A SQL recipe in your Flow reads an input dataset from storage, performs computations, and directs SQL to write the output. When you have a chain of visual and/or coding SQL recipes in your flow, repeating this read-write behavior for each recipe can result in slow performance. In such a situation, using SQL pipelines can boost performance by avoiding unnecessary writes and reads of intermediate datasets.
Watch this short video below for an overview or read on for further details.
Enable SQL pipelines¶
To use the SQL pipelines feature in a Dataiku Flow, the chain of recipes must share the same SQL connection. You can then enable SQL pipelines on a per-project basis.
Go to the project’s Settings.
Go to Pipelines.
Select Enable SQL pipelines.
Once enabled, you can then configure the behavior of intermediate datasets and recipes in your flow.
Configure the behavior of intermediate datasets¶
For intermediate datasets in the Flow, you can choose to enable or disable virtualization. Enabling virtualization can prevent Dataiku from writing the data of an intermediate dataset when executing the SQL pipeline.
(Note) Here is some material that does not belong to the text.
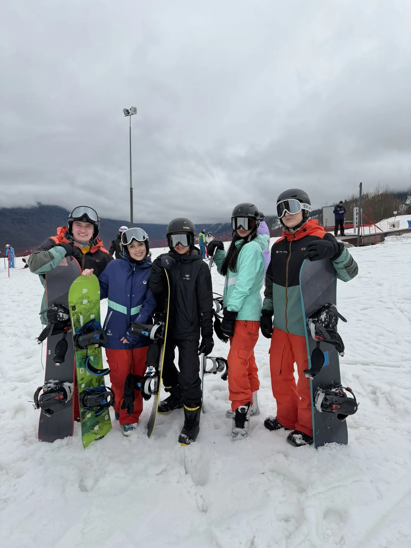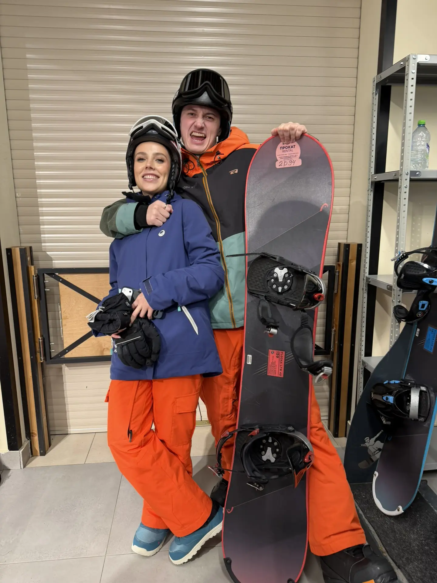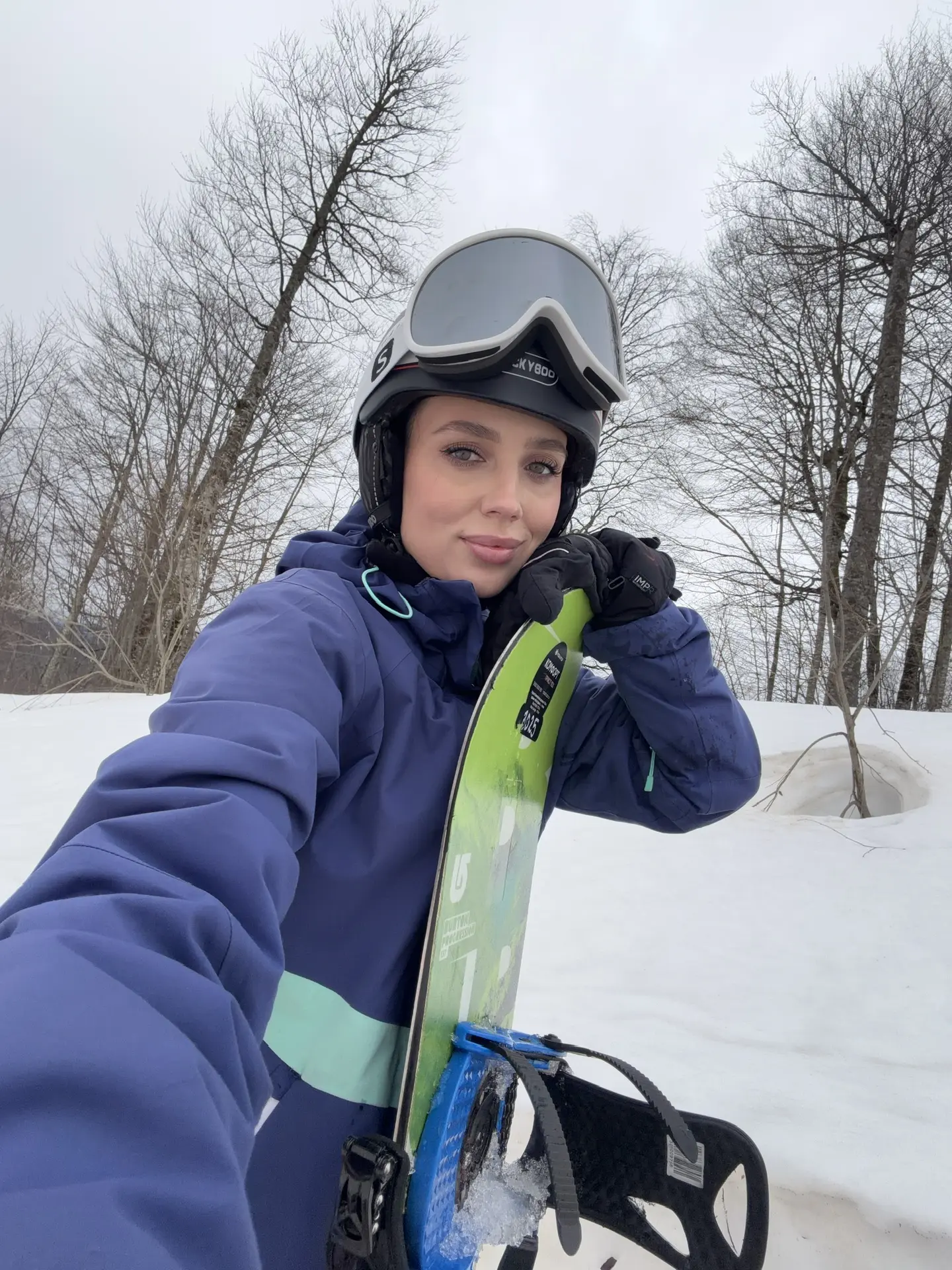 С самого утра мы носимся по склону как маленькие дети. Я вообще в первый раз в жизни встала на сноуборд, опыта - ноль 🤭 Но, представляете, уже с первой попытки встала и поехала! До сих пор в восторге и радуюсь, как ребёнок 🥹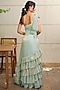 Sky Blue Shimmer Organza Embellished One-Shoulder Maxi Dress

To enable virtualization for a dataset:
Open the dataset and go to the Settings tab at the top of the page.
Go to the Advanced tab.
Check Virtualizable in build.
To enable virtualization for multiple datasets at once:
Select one or more datasets in the Flow.
Locate the Other actions section in the right panel and select Allow build virtualization (for pipelines).
Configure the behavior of recipes¶
In addition to configuring the behavior of intermediate datasets, you can also specify how recipes in the Flow behave. To configure the behavior of the pipeline for each recipe:
Open the recipe, and go to the Advanced tab at the top of the page.
Check the options for Pipelining:
Can this recipe be merged in an existing recipe’s pipeline?
Can this recipe be the target of a recipe’s pipeline?
The first setting determines whether a recipe can be concatenated inside an existing SQL pipeline. The second setting determines whether running the recipe can trigger a new SQL pipeline.